**DESCRIPTION OF THE TASK**
The listing below must be repeated word for word, with its images excluded.

**DATASET EXCERPT**

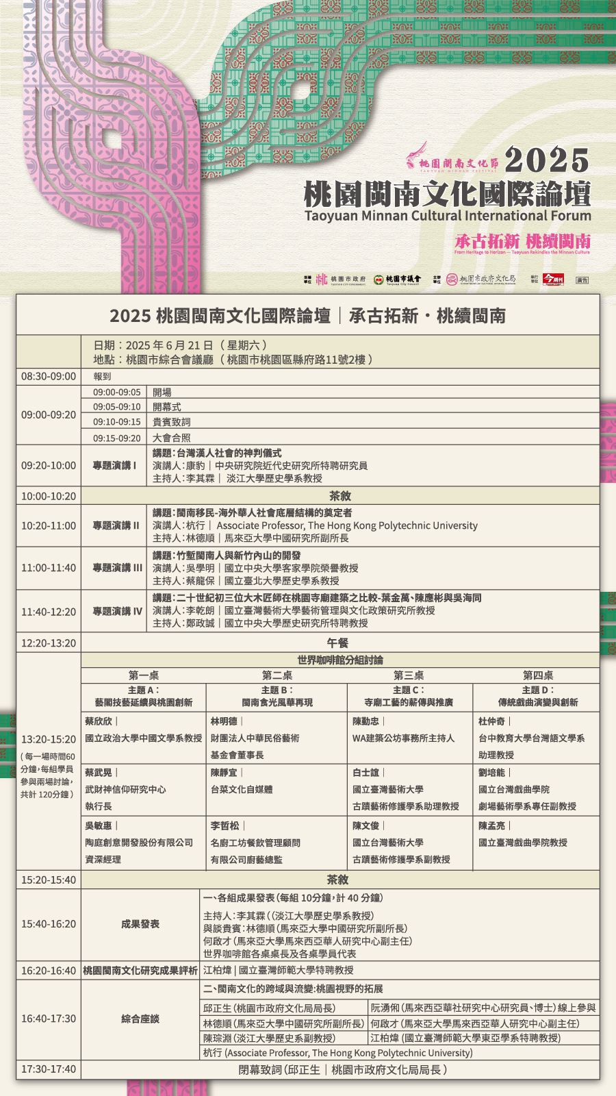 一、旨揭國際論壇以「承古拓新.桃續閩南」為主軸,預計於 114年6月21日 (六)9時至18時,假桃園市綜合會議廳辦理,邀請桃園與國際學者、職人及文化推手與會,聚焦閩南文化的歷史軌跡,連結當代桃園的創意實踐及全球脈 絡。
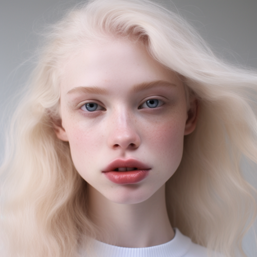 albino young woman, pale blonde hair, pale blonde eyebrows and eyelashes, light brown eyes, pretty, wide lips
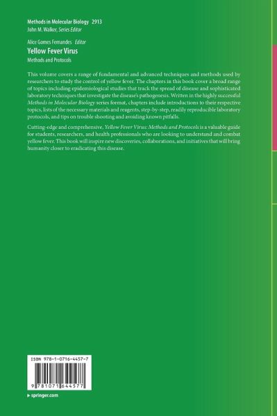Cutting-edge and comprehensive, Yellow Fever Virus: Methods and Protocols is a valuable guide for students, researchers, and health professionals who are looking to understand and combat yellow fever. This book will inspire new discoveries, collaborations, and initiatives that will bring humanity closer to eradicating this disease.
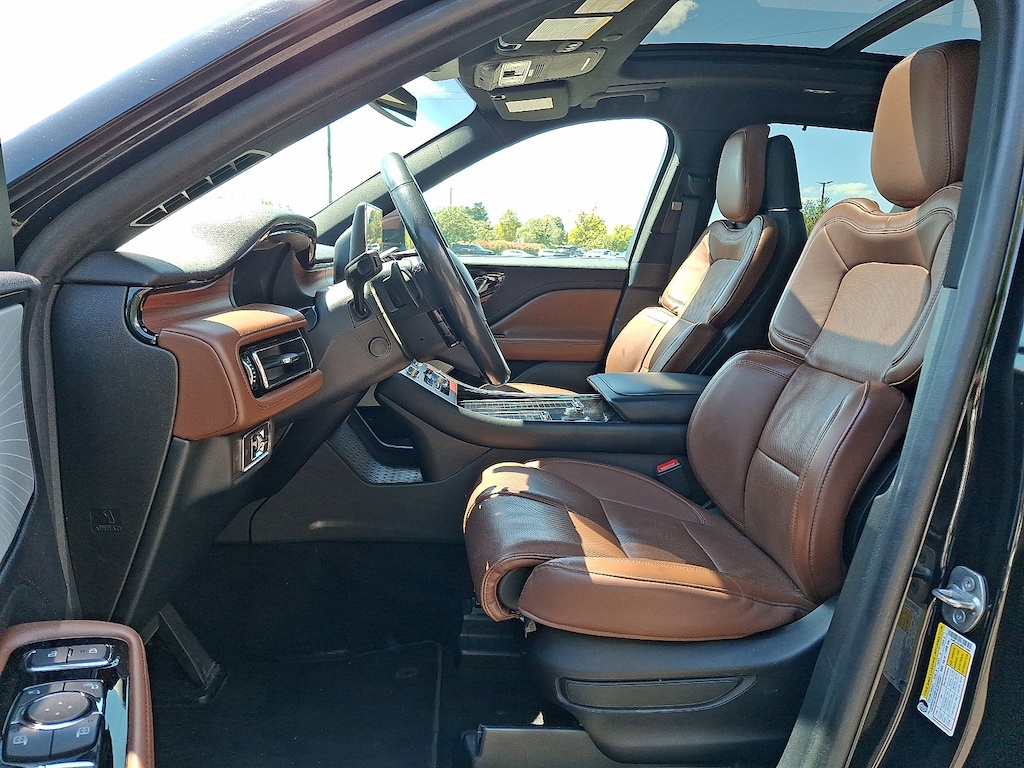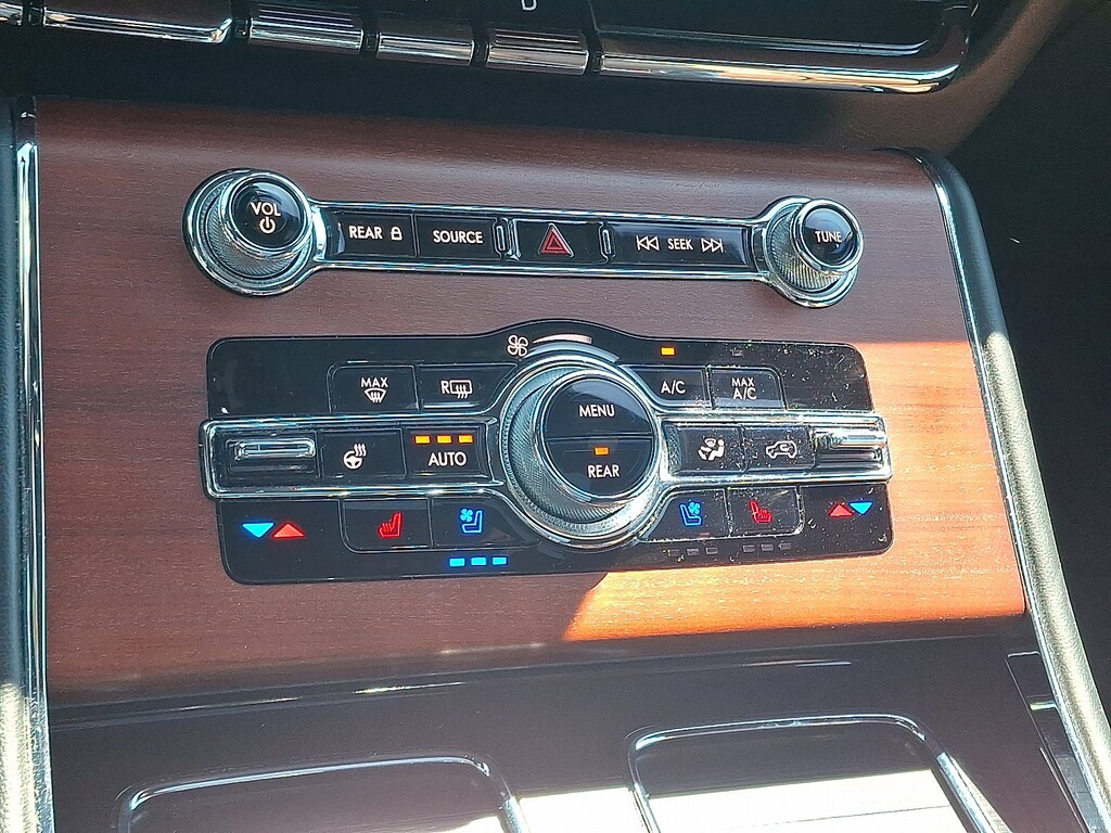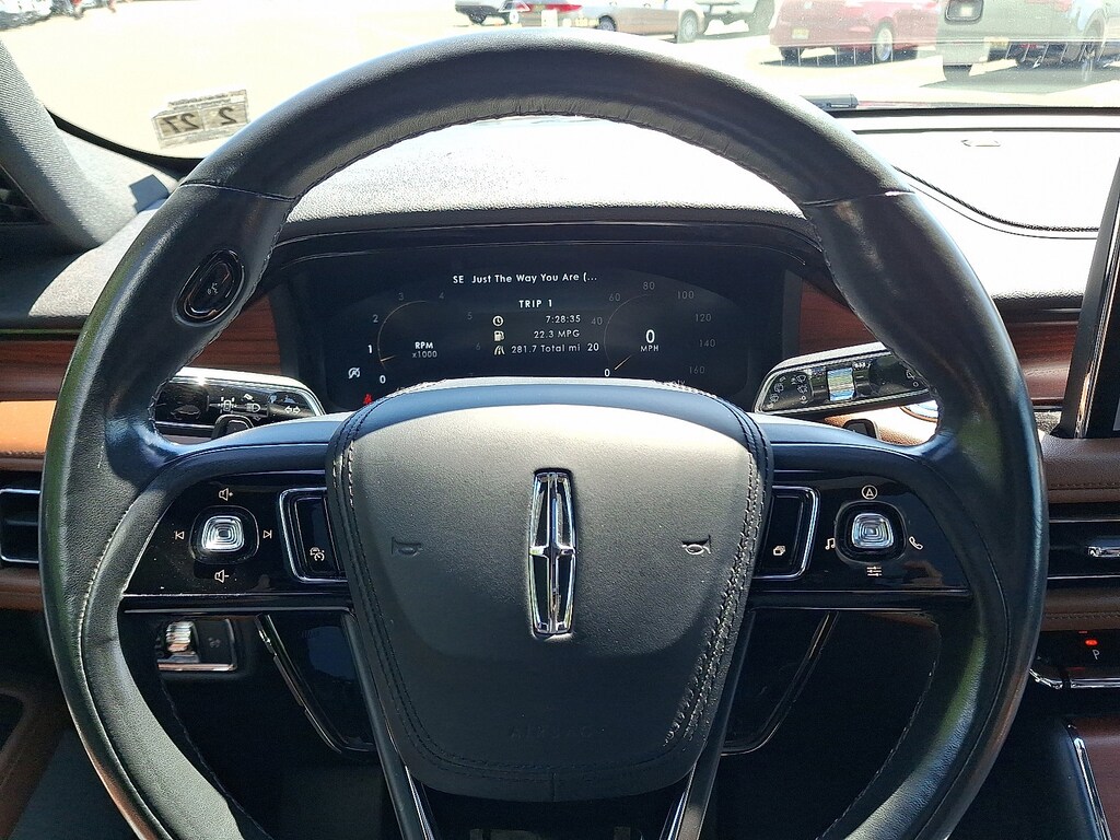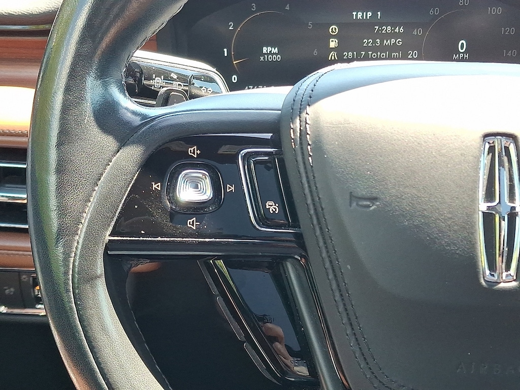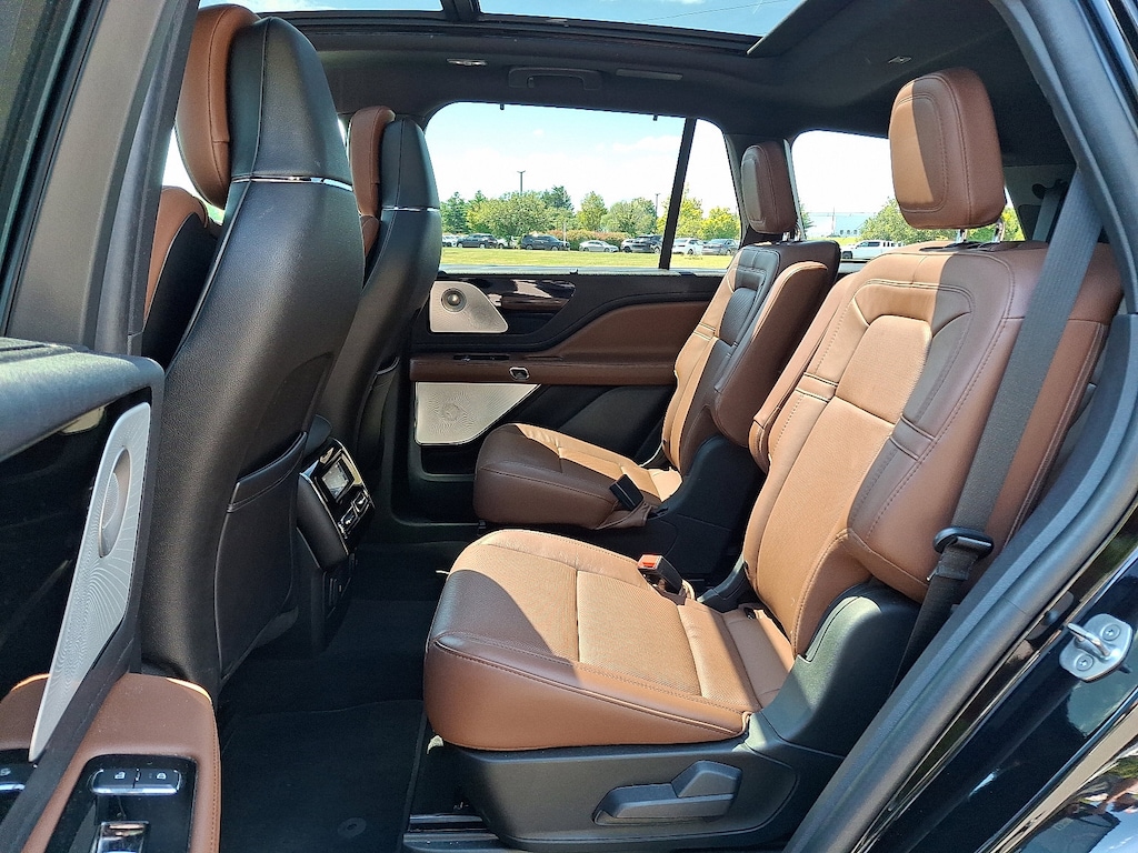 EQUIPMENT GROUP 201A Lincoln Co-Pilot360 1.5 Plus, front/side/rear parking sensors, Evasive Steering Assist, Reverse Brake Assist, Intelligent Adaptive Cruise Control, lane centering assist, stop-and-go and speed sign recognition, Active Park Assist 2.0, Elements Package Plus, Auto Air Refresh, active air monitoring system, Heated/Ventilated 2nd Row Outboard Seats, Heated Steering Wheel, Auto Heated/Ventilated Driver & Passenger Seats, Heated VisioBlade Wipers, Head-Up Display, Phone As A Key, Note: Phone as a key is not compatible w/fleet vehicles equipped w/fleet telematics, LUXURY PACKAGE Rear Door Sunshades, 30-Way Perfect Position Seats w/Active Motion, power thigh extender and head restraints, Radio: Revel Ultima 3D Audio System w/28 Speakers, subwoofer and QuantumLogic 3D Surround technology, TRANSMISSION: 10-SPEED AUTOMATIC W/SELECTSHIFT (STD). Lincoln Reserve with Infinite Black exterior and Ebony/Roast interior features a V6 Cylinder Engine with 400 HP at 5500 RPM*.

**RESULT**
 一、旨揭國際論壇以「承古拓新.桃續閩南」為主軸,預計於 114年6月21日 (六)9時至18時,假桃園市綜合會議廳辦理,邀請桃園與國際學者、職人及文化推手與會,聚焦閩南文化的歷史軌跡,連結當代桃園的創意實踐及全球脈 絡。
 albino young woman, pale blonde hair, pale blonde eyebrows and eyelashes, light brown eyes, pretty, wide lips
Cutting-edge and comprehensive, Yellow Fever Virus: Methods and Protocols is a valuable guide for students, researchers, and health professionals who are looking to understand and combat yellow fever. This book will inspire new discoveries, collaborations, and initiatives that will bring humanity closer to eradicating this disease.
 EQUIPMENT GROUP 201A Lincoln Co-Pilot360 1.5 Plus, front/side/rear parking sensors, Evasive Steering Assist, Reverse Brake Assist, Intelligent Adaptive Cruise Control, lane centering assist, stop-and-go and speed sign recognition, Active Park Assist 2.0, Elements Package Plus, Auto Air Refresh, active air monitoring system, Heated/Ventilated 2nd Row Outboard Seats, Heated Steering Wheel, Auto Heated/Ventilated Driver & Passenger Seats, Heated VisioBlade Wipers, Head-Up Display, Phone As A Key, Note: Phone as a key is not compatible w/fleet vehicles equipped w/fleet telematics, LUXURY PACKAGE Rear Door Sunshades, 30-Way Perfect Position Seats w/Active Motion, power thigh extender and head restraints, Radio: Revel Ultima 3D Audio System w/28 Speakers, subwoofer and QuantumLogic 3D Surround technology, TRANSMISSION: 10-SPEED AUTOMATIC W/SELECTSHIFT (STD). Lincoln Reserve with Infinite Black exterior and Ebony/Roast interior features a V6 Cylinder Engine with 400 HP at 5500 RPM*.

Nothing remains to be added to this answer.